■ Required action: What's needed is the listing below, repeated word for word with no pictures.

(Data supplied Opens)

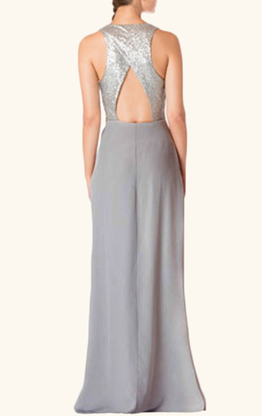 Vestido de dama de honor largo de gasa con escote en V y tirantes MACloth, con lentejuelas, vestido formal plateado
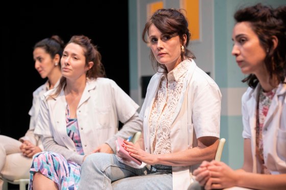 ♥♥♥♥ Où commence le théâtre, où finit la thérapie ? Cette frontière trouble, Lisa Guez en fait le cœur battant de son nouveau spectacle en s’emparant du psychodrame thérapeutique – ce dispositif où l’on rejoue ses traumatismes pour s’en libérer. Comme au théâtre, les patientes incarnent des personnages ou même des objets, mais l’enjeu diffère radicalement : ici, jouer, c’est guérir. La metteuse en scène des Femmes de Barbe-Bleue, déjà chroniqué ici, poursuit son exploration des psychés féminines à travers quatre cas réunis dans un centre psychiatrique : une psychotique, une « femme-serpent » qui vit mal sa maternité, une érotomane et une agressive. Nous allons suivre l’élaboration de leur psychodrame avec leurs soignantes – meneuse de séance et thérapeutes – à travers des jeux de rôles qui brouillent peu à peu les frontières entre cure et fiction.
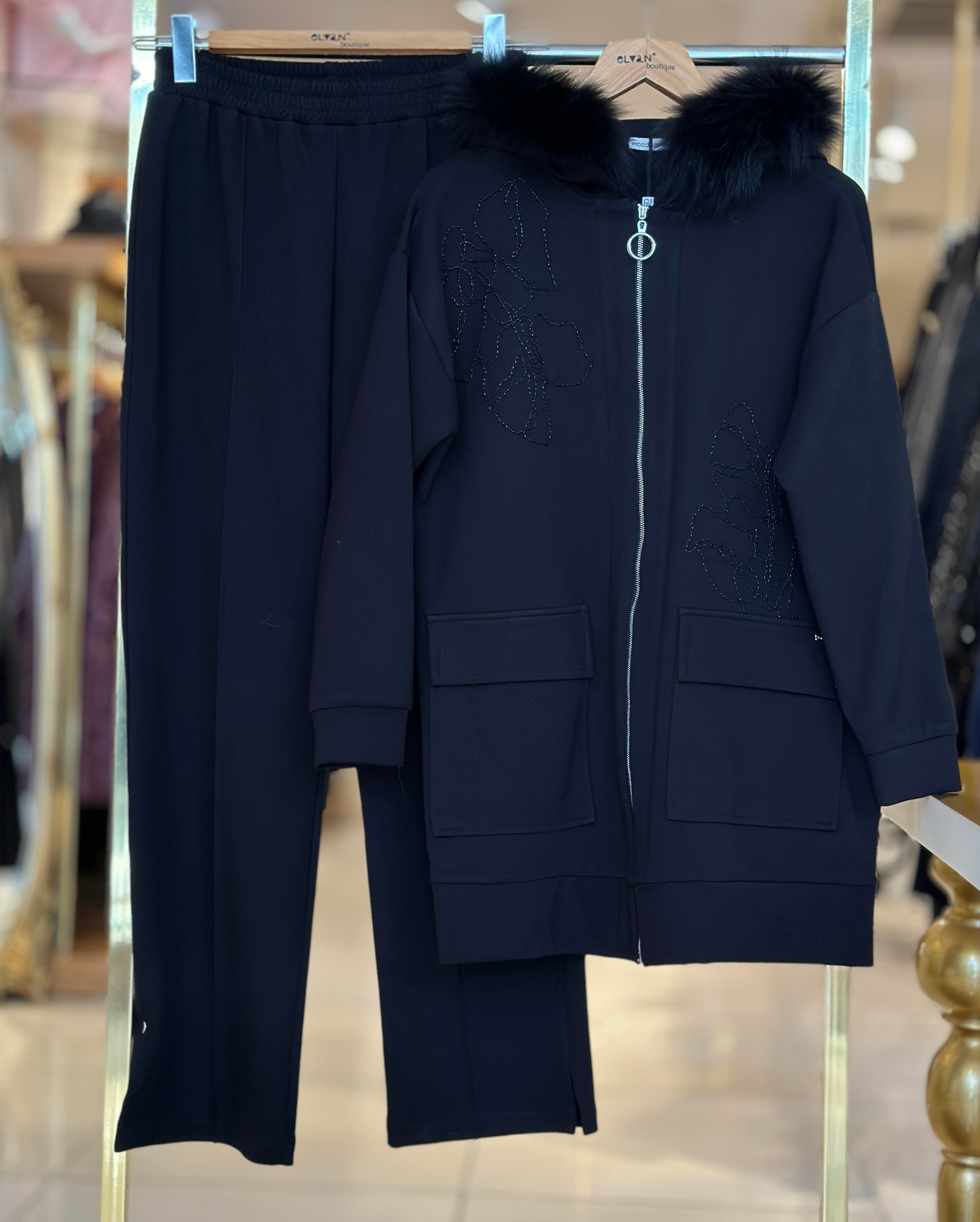 Boncuk Nakışlı Kapşonlu Kürklü Takım - Siyah
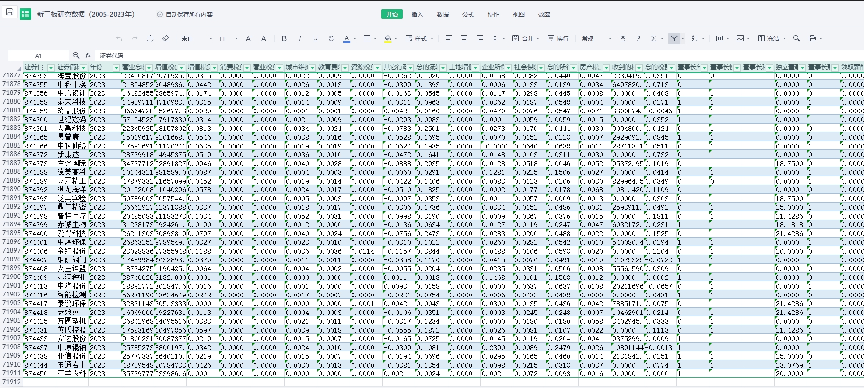 总的税费负担率合计 | 董事长年龄1 | 董事长性别1 | 董事长和总经理(总裁、CEO)的社会关系 | 独立董事比例(%) |
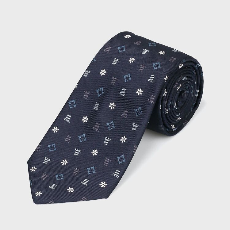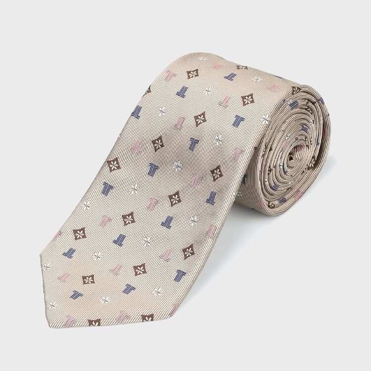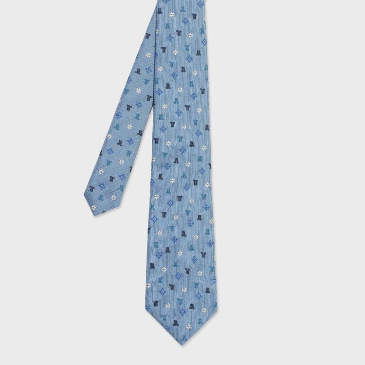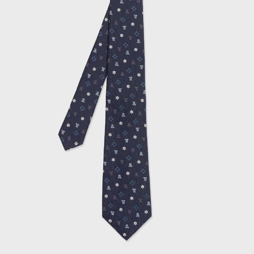 LANVINの象徴である「JLパターン」と、奥行きのあるグラデーションを組み合わせた、洗練されたナロータイです。
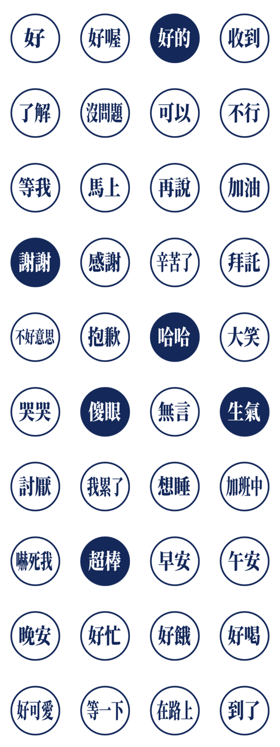 中国語(繁体字)の日常表現です。#ミニマル テキスト 台湾 漢字 もじ 返答 基本 シンプル 使いやすい ハンコ 判子 返事 連絡 仕事 日常 会社 ビジネス たおずん
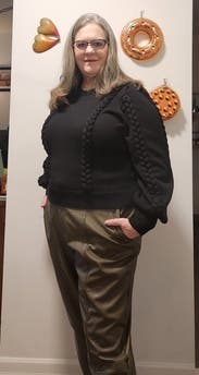 I’m not a big fan of trousers in general, but these fit well, are flattering & chic. Even as short as I am, this length works well with heels. Great look for office to Happy Hour.
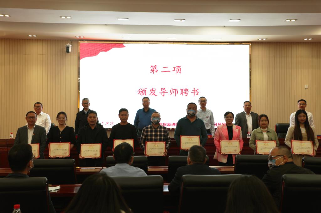 仪式中,人事处处长熊新华宣读了《关于公布WilliamHill中文官方网站2021年新进辅导员培养期培养计划执行情况验收结果的通报》《关于对2022年新进辅导员选配导师的决定》。与会嘉宾为2022年新聘任导师颁发聘书。
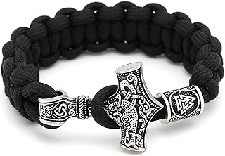 Paracord-Armband mit Verschluss-Element in Form von Thors Hammer Mjöllnir und Valknut-Perle, Edelstahl, 100 % Handarbeit, 19 cm breit
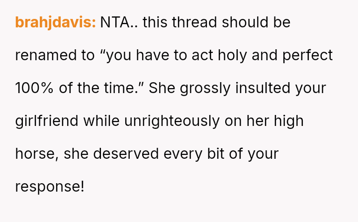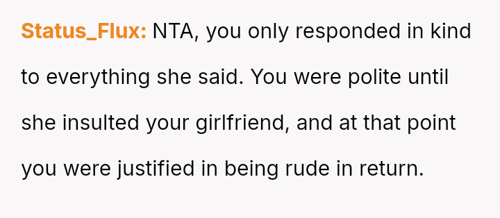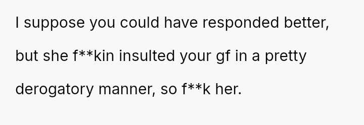 The debate centers on whether the OP was justified in responding with equally severe insults after being provoked, or if his defense of his girlfriend warranted a more measured, non-insulting response.
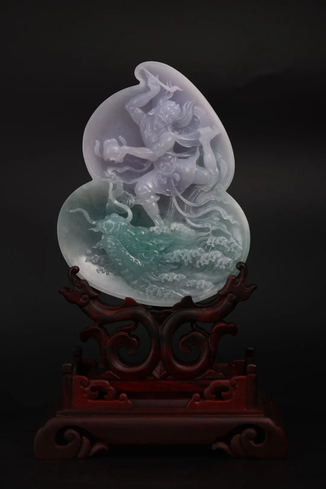 作品简介:本件作品乃是冰种,春带彩雕刻而成,外型呈葫芦状。绿色玉质雕刻从海浪中奔涌而出的鳌头,紫色玉质雕刻而成的魁星独站在鳌头之上,魁星一手拿着官帽,一手点着右脚托着的玉斗。魁星点斗独占鳌头,高考录取“翡”你莫属。
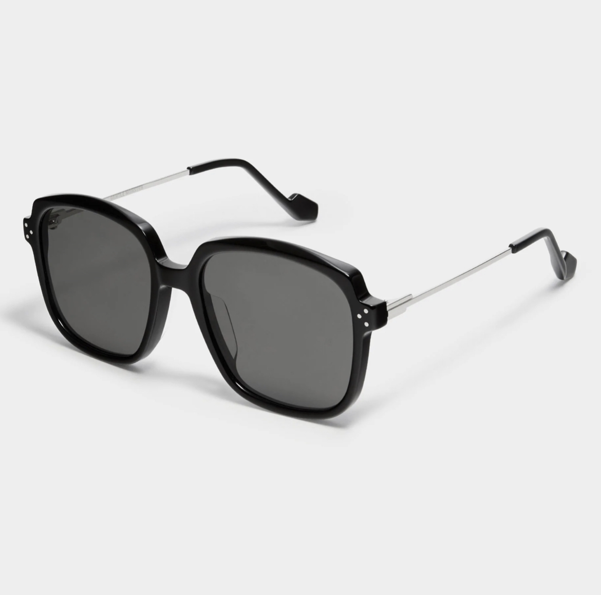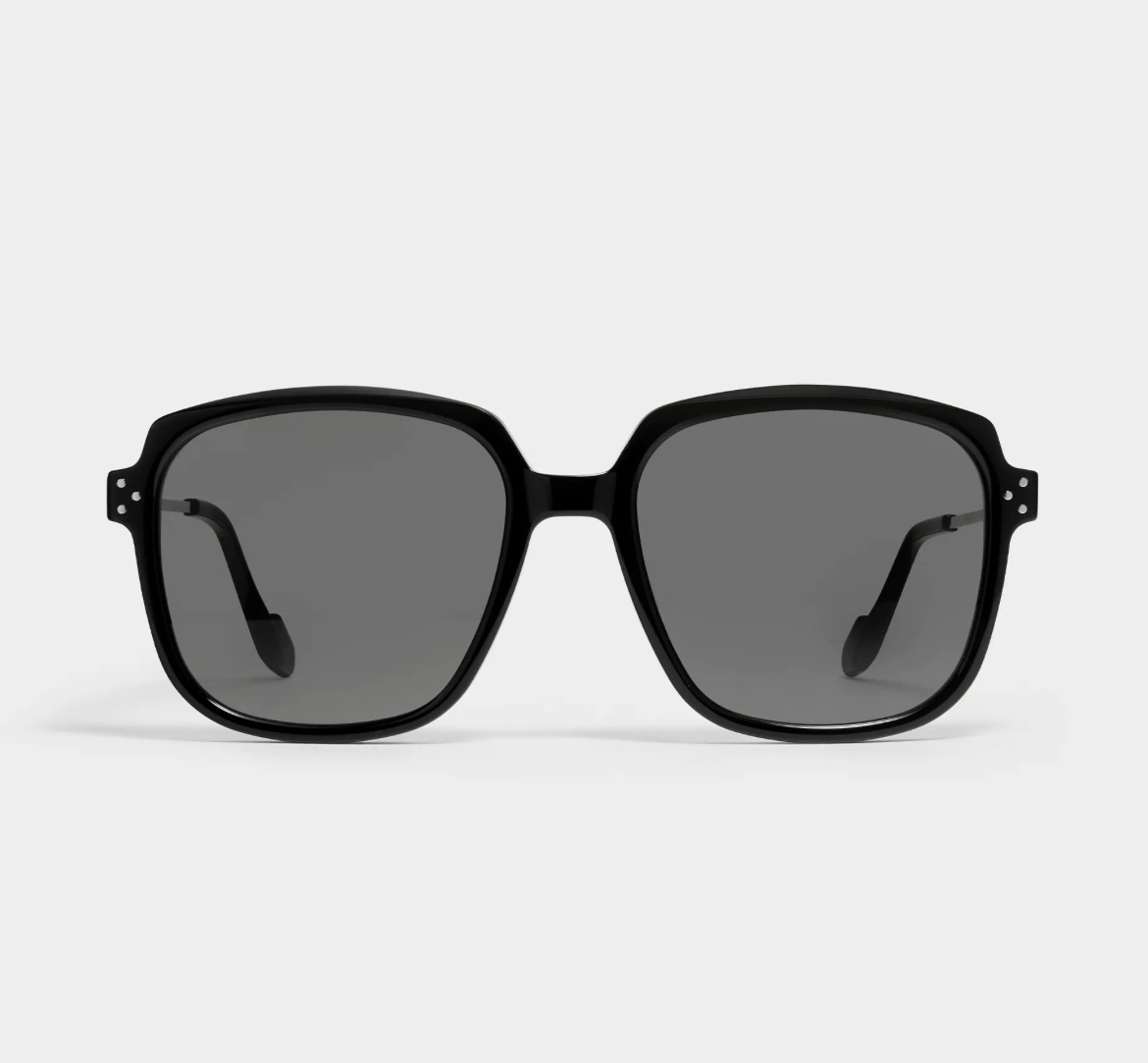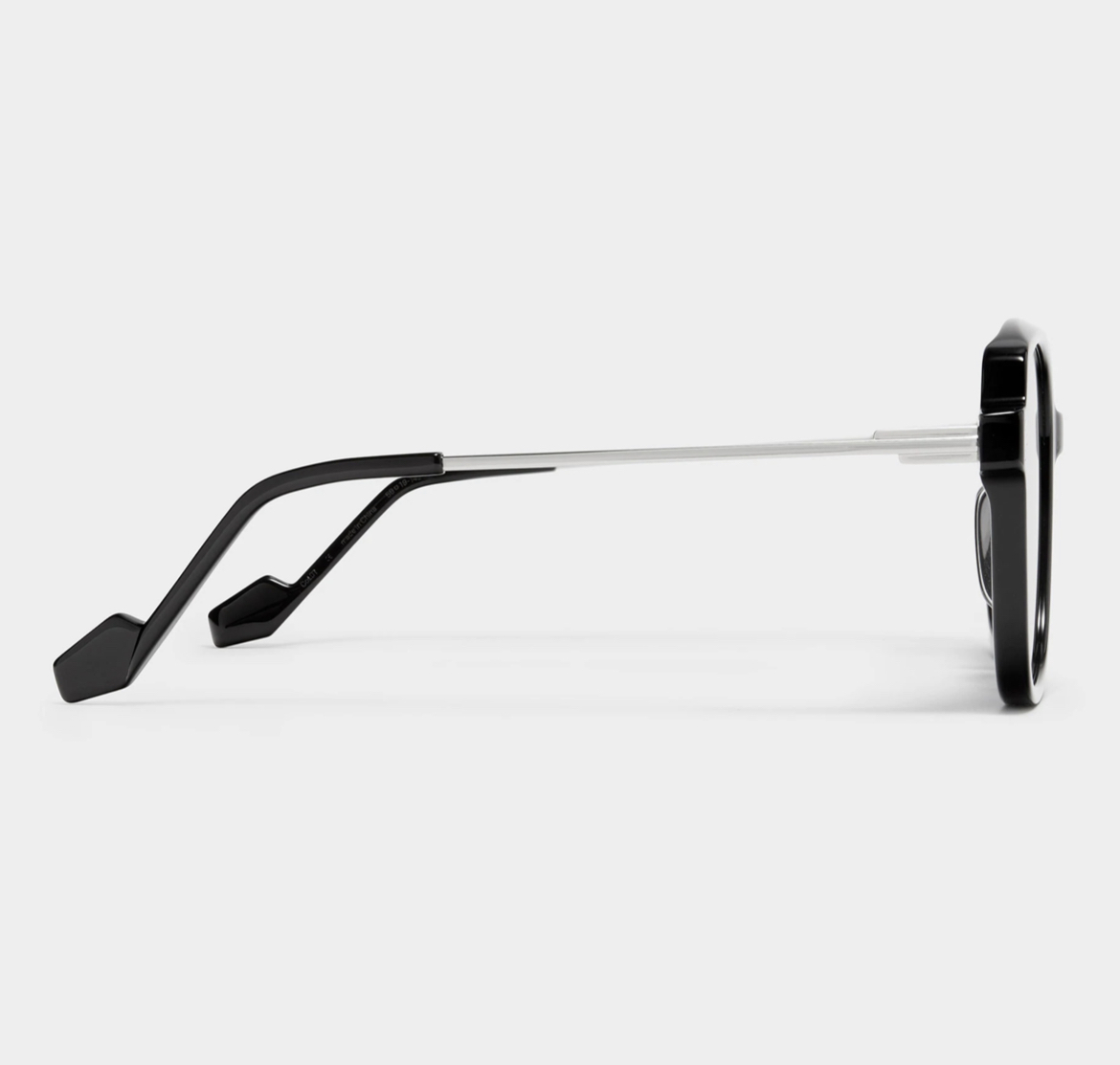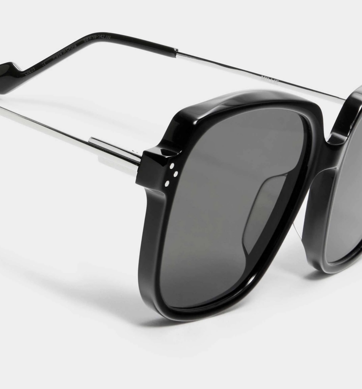 Millie 01 is a square black frame crafted of acetate and metal. The endpiece is accentuated with three circular studs, complemented by uniquely shaped temple tips and 99.9% UV protected black Zeiss lenses.

(Data supplied Closes)

■ Answer to the exercise:
 Vestido de dama de honor largo de gasa con escote en V y tirantes MACloth, con lentejuelas, vestido formal plateado
 ♥♥♥♥ Où commence le théâtre, où finit la thérapie ? Cette frontière trouble, Lisa Guez en fait le cœur battant de son nouveau spectacle en s’emparant du psychodrame thérapeutique – ce dispositif où l’on rejoue ses traumatismes pour s’en libérer. Comme au théâtre, les patientes incarnent des personnages ou même des objets, mais l’enjeu diffère radicalement : ici, jouer, c’est guérir. La metteuse en scène des Femmes de Barbe-Bleue, déjà chroniqué ici, poursuit son exploration des psychés féminines à travers quatre cas réunis dans un centre psychiatrique : une psychotique, une « femme-serpent » qui vit mal sa maternité, une érotomane et une agressive. Nous allons suivre l’élaboration de leur psychodrame avec leurs soignantes – meneuse de séance et thérapeutes – à travers des jeux de rôles qui brouillent peu à peu les frontières entre cure et fiction.
 Boncuk Nakışlı Kapşonlu Kürklü Takım - Siyah
 总的税费负担率合计 | 董事长年龄1 | 董事长性别1 | 董事长和总经理(总裁、CEO)的社会关系 | 独立董事比例(%) |
 LANVINの象徴である「JLパターン」と、奥行きのあるグラデーションを組み合わせた、洗練されたナロータイです。
 中国語(繁体字)の日常表現です。#ミニマル テキスト 台湾 漢字 もじ 返答 基本 シンプル 使いやすい ハンコ 判子 返事 連絡 仕事 日常 会社 ビジネス たおずん
 I’m not a big fan of trousers in general, but these fit well, are flattering & chic. Even as short as I am, this length works well with heels. Great look for office to Happy Hour.
 仪式中,人事处处长熊新华宣读了《关于公布WilliamHill中文官方网站2021年新进辅导员培养期培养计划执行情况验收结果的通报》《关于对2022年新进辅导员选配导师的决定》。与会嘉宾为2022年新聘任导师颁发聘书。
 Paracord-Armband mit Verschluss-Element in Form von Thors Hammer Mjöllnir und Valknut-Perle, Edelstahl, 100 % Handarbeit, 19 cm breit
 The debate centers on whether the OP was justified in responding with equally severe insults after being provoked, or if his defense of his girlfriend warranted a more measured, non-insulting response.
 作品简介:本件作品乃是冰种,春带彩雕刻而成,外型呈葫芦状。绿色玉质雕刻从海浪中奔涌而出的鳌头,紫色玉质雕刻而成的魁星独站在鳌头之上,魁星一手拿着官帽,一手点着右脚托着的玉斗。魁星点斗独占鳌头,高考录取“翡”你莫属。
 Millie 01 is a square black frame crafted of acetate and metal. The endpiece is accentuated with three circular studs, complemented by uniquely shaped temple tips and 99.9% UV protected black Zeiss lenses.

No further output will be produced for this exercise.